Wapen van de heren van Bronckhorst.

Op 7 januari 1349 krijgt Gijsbert V van Bronckhorst Ψ van hertog Reinald III van Gelre Ψ toestemming om recht te spreken ‘binnen sinen voerburchten van synen slote te Bronckhorst’. Op dat moment moet er sprake zijn van een woongemeenschap. Deze gemeenschap woont ten oosten van het kasteel Bronckhorst. In 1371 schenkt Willem IV van Bronckhorst Ψ een bedrag aan de kapel te Bronkhorst. In deze oorkonde wordt Bronkhorst voor het eerst een ‘stedeke’ genoemd. Vijftien jaar later ontvangt de kapel nogmaals een schenking en dan wordt melding gemaakt van “onsen stedeken end voirborchte van Bronckhorst”. Als Willem IV van Bronckhorst zich in 1399 ten gunste van zijn zoon Gijsbert VI van Bronckhorst Ψ terugtrekt en al zijn bezittingen aan hem overdraagt, wordt Bronkhorst apart vermeld.

Een echte stad

Aan het eind van de veertiende eeuw wordt Bronkhorst dus al als een stedelijke gemeenschap beschouwd, ondergeschikt aan bestuur en rechtspraak van de heer van Bronckhorst. Een echte stad met stadsrechten is Bronkhorst dan nog niet. Wel zijn er stadsmuren, maar deze zijn onderdeel van de voorburcht van het kasteel.
Het jaar 1482 is een belangrijk jaar voor de burgers van de kleine stad. Op 13 maart verleent Gijsbert VII van Bronckhorst Ψ verschillende voorrechten aan de burgers van Bronkhorst. Tevens legt hij hun verplichtingen vast. Waarschijnlijk zijn enkele van deze rechten en plichten al in het verleden toegekend, maar worden ze opnieuw bevestigd. Gijsbert VII van Bronckhorst verklaart dat hij ten behoeve van de burgers en ingezetenen ‘des stedeken Bronckhorst‘ met instemming van zijn raadslieden en op verzoek van de bewoners zelf een ‘ordinancie ende reglement‘ wil vaststellen. Van de hem vanoudsher berustende rechts- en bestuursmacht draagt hij een gedeelte over aan de burgers. Hij garandeert de rechtszekerheid voor personen en goederen en belooft hun geen onrechtmatige lasten en heffingen op te leggen. Hij schenkt de nieuwe stad een gedeelte van de opbrengsten van enkele gronden, een aantal accijnzen of verbruiksbelastingen en de opbrengst van gerechtelijke boetes.

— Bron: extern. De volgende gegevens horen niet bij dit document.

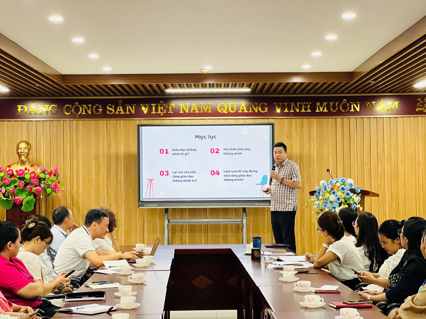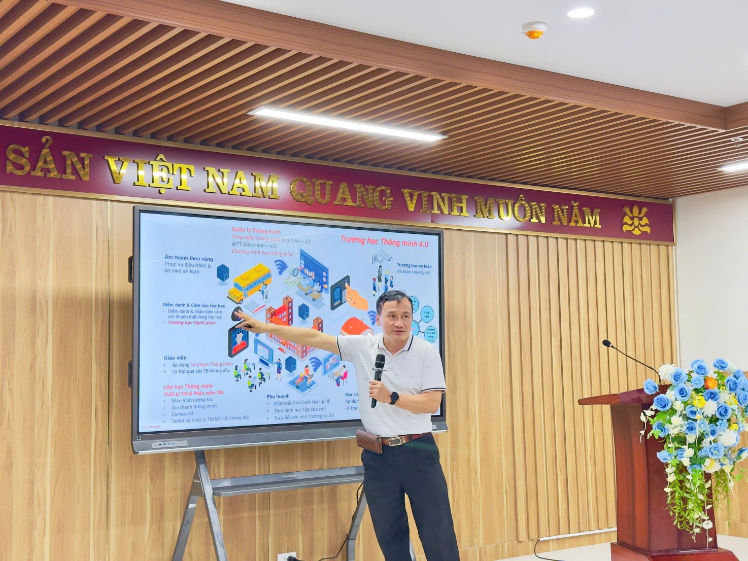 Ông Nguyễn Chấn Hùng – Tiến sĩ CNTT- chuyên gia giải pháp về Trường học Thông minh thuyết trình về lợi ích của việc xây dựng “Trường học Thông minh”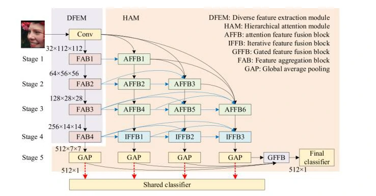 大多数面部表情识别方法仅使用一个分类器来处理特征向量不同,本文使用共享分类器和最终分类器。共享分类器:用于提取和学习所有特征向量中的通用特征,鼓励模型学习更具泛化性的特征表示。最终分类器:将浅层和深层特征融合,帮助模型区分不同的面部表情,提高对面部表情的理解。
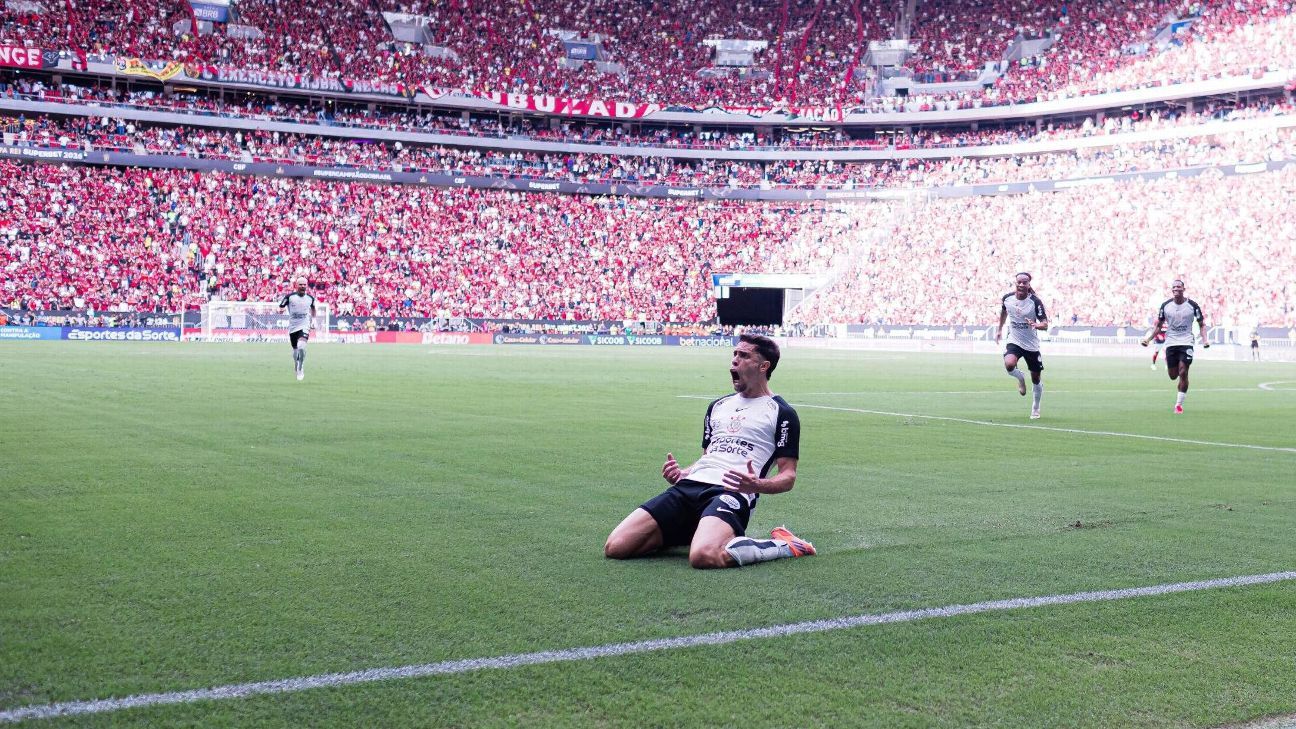 Yuri Alberto, aos 52 minutos, matou a partida. O atacante foi lançado por trás da zaga, deu um toque por cima de Rossi, driblando o goleiro, e cabeceou no fundo da rede. Corinthians 2 x 0 Flamengo!

Oude kaart van Bronkhorst.

Meer plichten

Daar tegenover staat dat het koren bij de dwangmolen moet worden gemalen. Verder geeft hij voorschriften over het brouwen van bier, bakken van brood en de verkoop hiervan. Het brouwen van bier moet onder dezelfde voorwaarden gebeuren als in Zutphen en mag alleen buiten Bronkhorst verkocht worden als in de behoefte van de bewoners is voorzien. Hetzelfde geldt voor brood.
Er komen voorschriften voor herbergiers die een goede behandeling van reizigers moeten waarborgen. Zo moet een herberg met een paardenstal te allen tijde genoeg haver en hooi in voorraad hebben en twee slaapplaatsen ten behoeve van gasten. Wijn- of biertapperijen zijn ook verplicht twee slaapplaatsen beschikbaar te hebben voor reizigers. De eigenaars mogen, als het bier uitverkocht is, geen reizigers wegsturen die om logies vragen. Blijkbaar gebeurde dat wel eens. Zij moeten de reizigers voedsel en drank verschaffen tegen dezelfde prijzen als die in Zutphen gangbaar zijn.
Allen die binnen Bronkhorst huis en hof hebben, dienen een eed van trouw aan de heer van Bronckhorst af te leggen en zich in alle opzichten goed te gedragen. Ook zijn ze verplicht bij te dragen aan zaken van algemeen belang, zoals bijvoorbeeld herstel van verdedigingswerken en onderhoud aan de twee bruggen. Alles wat de heer, zijn raadslieden of vervangers van belang voor de stad of hemzelf achten, mag hij zonder overleg uitvoeren. Uitdrukkelijk wordt in de oorkonde vermeld dat de rechten en plichten niet zomaar mogen worden veranderd, te allen tijde zal dan een nieuwe oorkonde moeten worden opgesteld.
De nieuwe stad krijgt geen bevoegdheid om zelf te keuren of stadsverordeningen te maken. Bronkhorst heeft geen eigen wetgeving. Dit blijft bij de heer van Bronckhorst, evenals het berechten van misdadigers.

Rechtspraak en bestuur

Kasteel Bronckhorst op een gewassen pentekening van Cornelis Pronk, anno 1730.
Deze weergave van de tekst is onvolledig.